XIII. Таким образом, император, по твоему решению все виды оружия служат разным целям. Для тебя побеждают мечи и для тебя же они оберегают; они разят противника, когда ты сражаешься, и охраняют тебя, когда ты даруешь прощение. 2. Как знаменитый бог, создатель и господин вселенной, с помощью одной и той же молнии посылает и печальные, и радостные вести, так и по твоему приказу одно и то же оружие отличает врагов от молящих тебя <о спасении>, губя одних и охраняя других. 3. Император! Ты отнял мечи у своих противников, чтобы никто из них в отчаянии не убил себя, но возвратил их же, уже безвредные, их рукам, дабы удовлетворить и свое милосердие, и свою жажду мести: ты сокрушил оружие тех, чью жизнь пощадил. 4. Ибо если есть такая возможность, следует беречь жизнь людей, процесс рождения которых столь долог: легко найти меч, но применять его можно по-разному. Поэтому ты расплавил то, чему можно было придать новую форму, и сохранил то, чего нельзя восстановить. Говорят ли мифы о чем-либо, столь же радующем нас? 5. Человеческие тела превращаются в родники, или в животных, или в птиц: но низменно и постыдно такое превращение. Меч, превращенный в кандалы — то же, что безопасность после страха, прохлада после зноя: изменение уничтожило блеск, но в то же время притупило острие.

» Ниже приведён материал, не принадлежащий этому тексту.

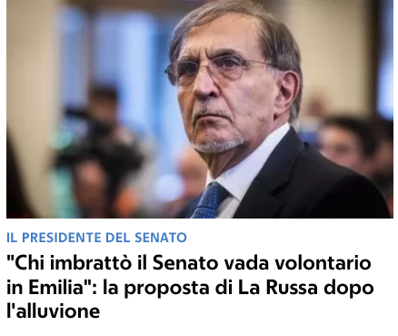 "Chi imbrattò il Senato", ci sono ottime possibilità che in #EmiliaRomagna ci sia già, senza bisogno dell'invito (ipocrita) del camerata Ignazio #larussa che, invece, bada bene a non sporcare il suo vestito elegante e ben stirato, ben adatto al comfort in cui vive agiatamente.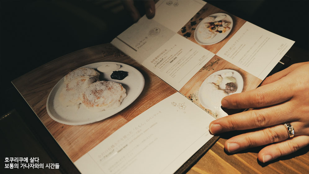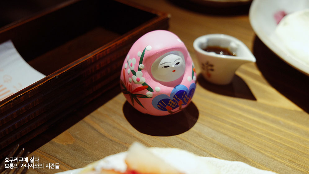 테이블에 앉고 주문을 시작했을때에는, 작고 귀여운 카가인형(加賀人形) 이 테이블 위에 올려집니다. 이는 테이블 계산을 할때에도 레지에 가지고 가서 계산을 해야합니다. 하나의 작은 룰. 그리고 제공되는 따뜻한 차를 마시며 팬케이크를 기다립니다.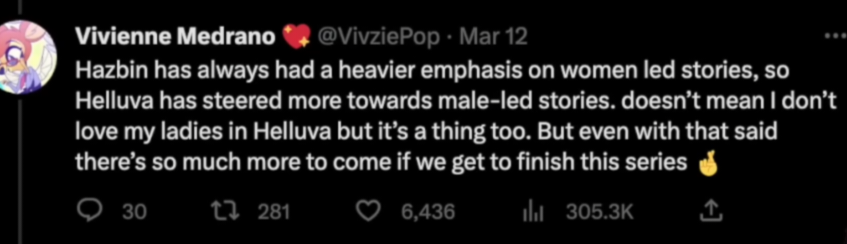 >>151769977Female-focused as in, Viv said in some tweet that Helluva is about the male cast while Hazbin would have focused on the girls. Which is clearly false since Charlie is a complete nothingburger in her own show, and Vaggie is just her tardwrangler gf despite having a potentially very interesting role and backstory as a fallen angel.
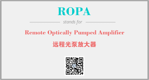 上述内容是“Remote Optically Pumped Amplifier”作为“ROPA”的缩写,解释为“远程光泵放大器”时的信息,以及英文缩略词ROPA所代表的英文单词,其对应的中文拼音、详细解释以及在英文中的流行度和相关分类、应用领域及应用示例等。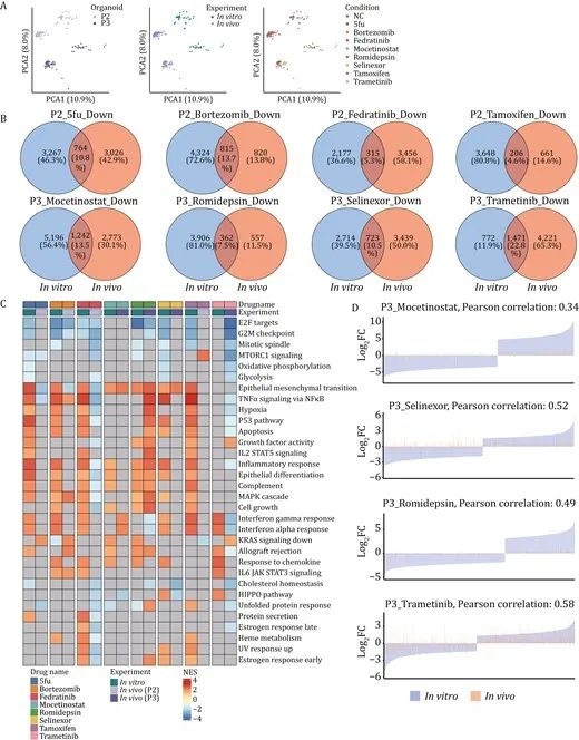 為了排除患者間異質性的影響,該研究進一步比較體外和體內系統(類器官模型和成對PDOX模型)的藥物反應差異。在兩種系統中,觀察到藥物處理細胞的轉錄組變化不一致,其中也包括臨床常用藥物5-氟尿嘧啶。同時,體外類器官和體內相應的PDOX模型之間只有大約10%的DEG重疊,并且它們之間受干擾途徑的表達不同。兩種篩選系統之間癌癥相關通路的一致性表達在不同的類器官系和不同的藥物治療中也有所不同。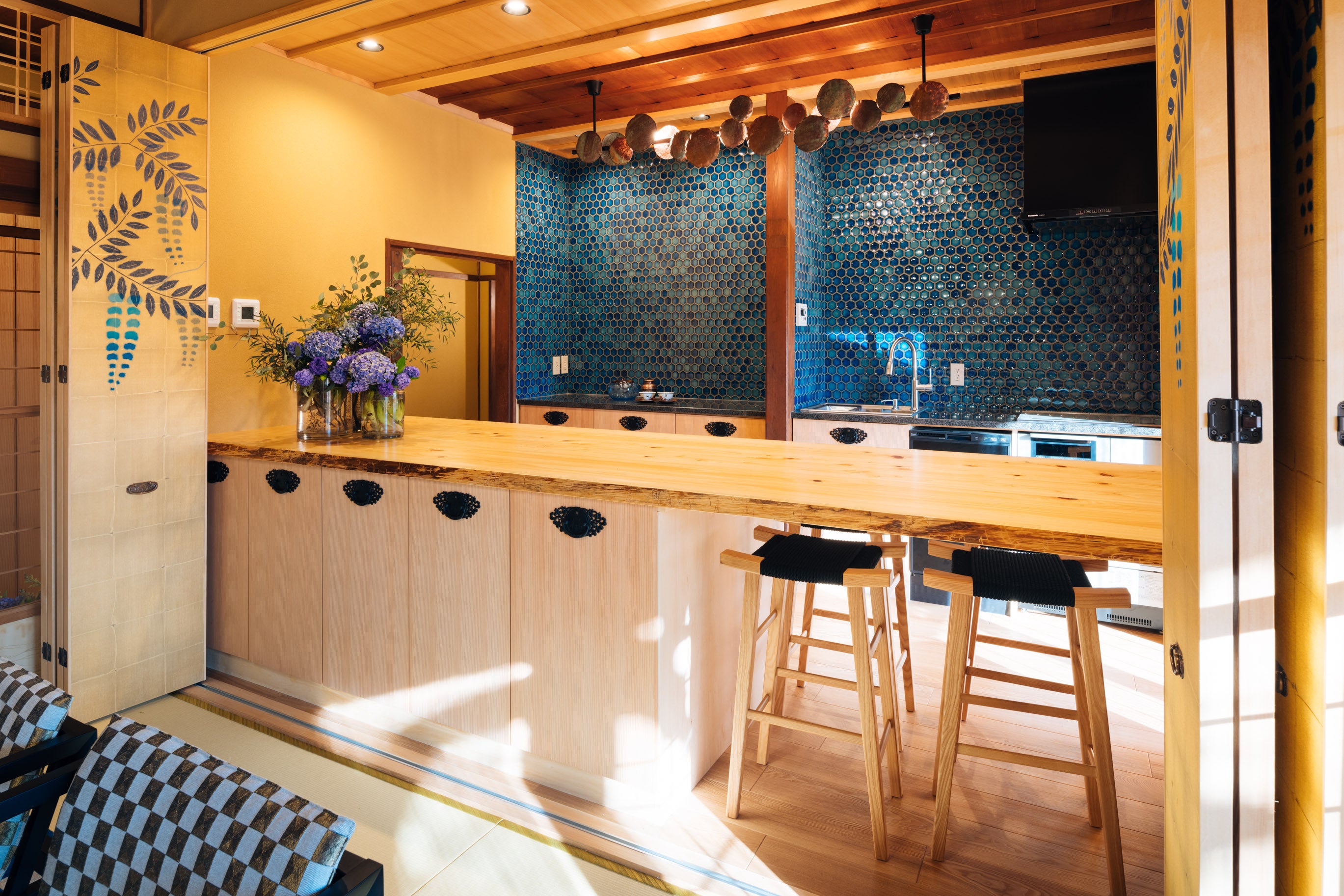 当施設は、築100年という伝統を残しながら快適に過ごせるようにリノベーションが施され、各所に散りばめられた伝統技術が生きる建築意匠や、洗練されたデザインの調度品、アートが特徴的です。 リビング・ダイニングスペースにはインテリアデザイナーこだわりの家具が配置され現代的でありながら和の雰囲気を演出しています。自分の別荘のようにくつろぎながら、美術館のような上質な文化を体験できる宿泊施設となります。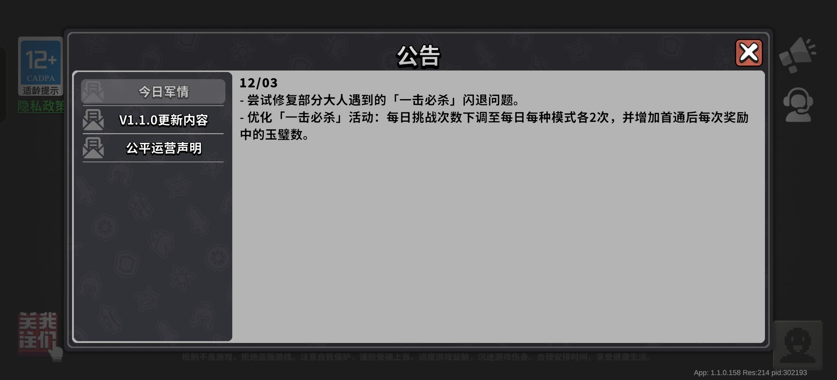 寄了,现在无论更不更新,第三把都不给东西了这么快再次登录会有强制更新补丁,把20次挑战改成2次一直不退出,每天都有20*300玉可以打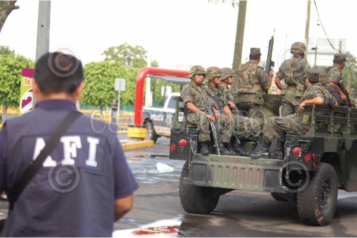 COMALCALCO, TABASCO, 22FEBRERO2009.- Dos soldados gravemente heridos se debaten entre la vida y muerte arroja el enfrentamiento que se registró entre presuntos zetas contra elementos de la Defensa Nacional adscritos al 17 y 57 Batallón de Infantería los hechos acontecieron sobre la avenida principal cerca de la gasolineria La Estrella, cuando los elementos castrense realizaban un recorrido de vigilancia y fueron atacados sorpresivamente con granadas de fragmentación y armas de fuego de alto calibre. FOTO: MARCO POLO GUZMAN/CUARTOSCURO.COM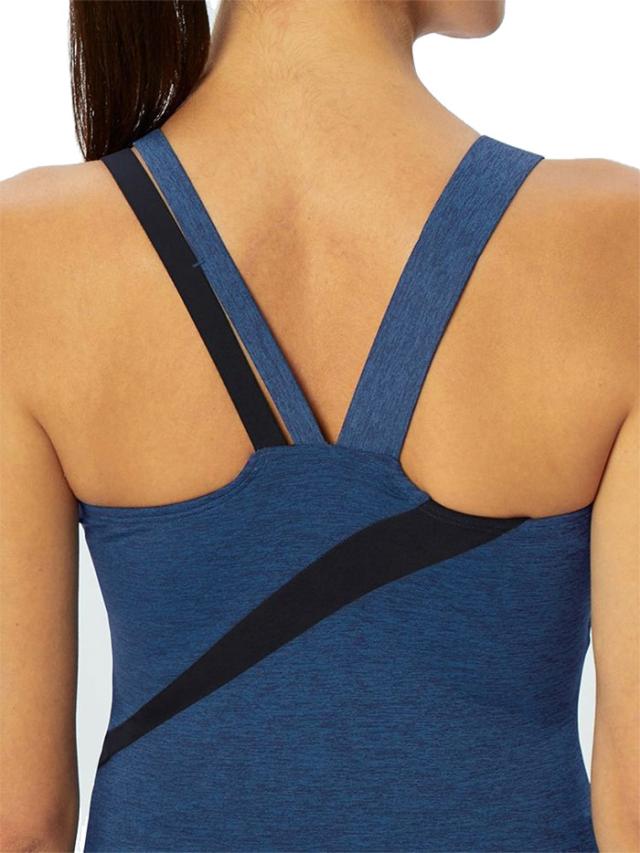 トップスはディアゴナル(対角線)デザインでシャープな印象。アシンメトリーな肩ストラップ(スプリットストラップとフラットストラップ)は、接着仕様で縫製をなくし、肌当たりのストレスを軽減。ストラップの形状保持機能も実感できます。

XIV. Твоя благожелательность и человеколюбие, император, побуждали нас до сих пор изливать свое ликование в столь обильных словах. Однако пора уж нам перейти к более важным темам. 2. После того, как была полностью отвоевана Италия по сю сторону Пада39, молящие руки протянул к тебе и сам Рим, в котором засел этот выродок, ничего не осмеливавшийся предпринять при стольких известиях о своих поражениях. Ведь этим ничтожнейшим человеком овладело малодушие и, как было сказано, его низменную душу поразил страх. 3. Это глупое и ничтожное создание никогда не осмеливалось выступить за пределы городских стен. Ибо до такой степени удерживали его то ли его чудовищные преступления, то ли предчувствия угрожавшей ему гибели40. 4. О позор — император, находящийся под защитой городских стен! Ведь он не стремился на Марсово поле, не упражнялся в воинском деле, не глотал пыль: он был достаточно хитер по крайней мере для того, чтобы не вызывать презрения у людей, наблюдавших, как он старается выполнять присущие мужчинам упражнения. Он прогуливался только по знаменитому дворцу с мраморными стенами; ведь считалось, что прогуливаться в Саллюстиевы сады41 — значит совершать походы и путешествия! 5. И все то время, что он был в Риме, он предавался одним лишь удовольствиям и этим скрывал свой позорнейший страх. Ведь он хотел казаться не бессильным, а счастливым, не малодушным, а находящимся в безопасности. 6. Сколько раз собирал он воинов, хвалясь, что только он является их императором, а другие сражаются для него на границах: «Наслаждайтесь, — говорил он, — кутите и бражничайте». Таково было преходящее и краткое счастье этих несчастных.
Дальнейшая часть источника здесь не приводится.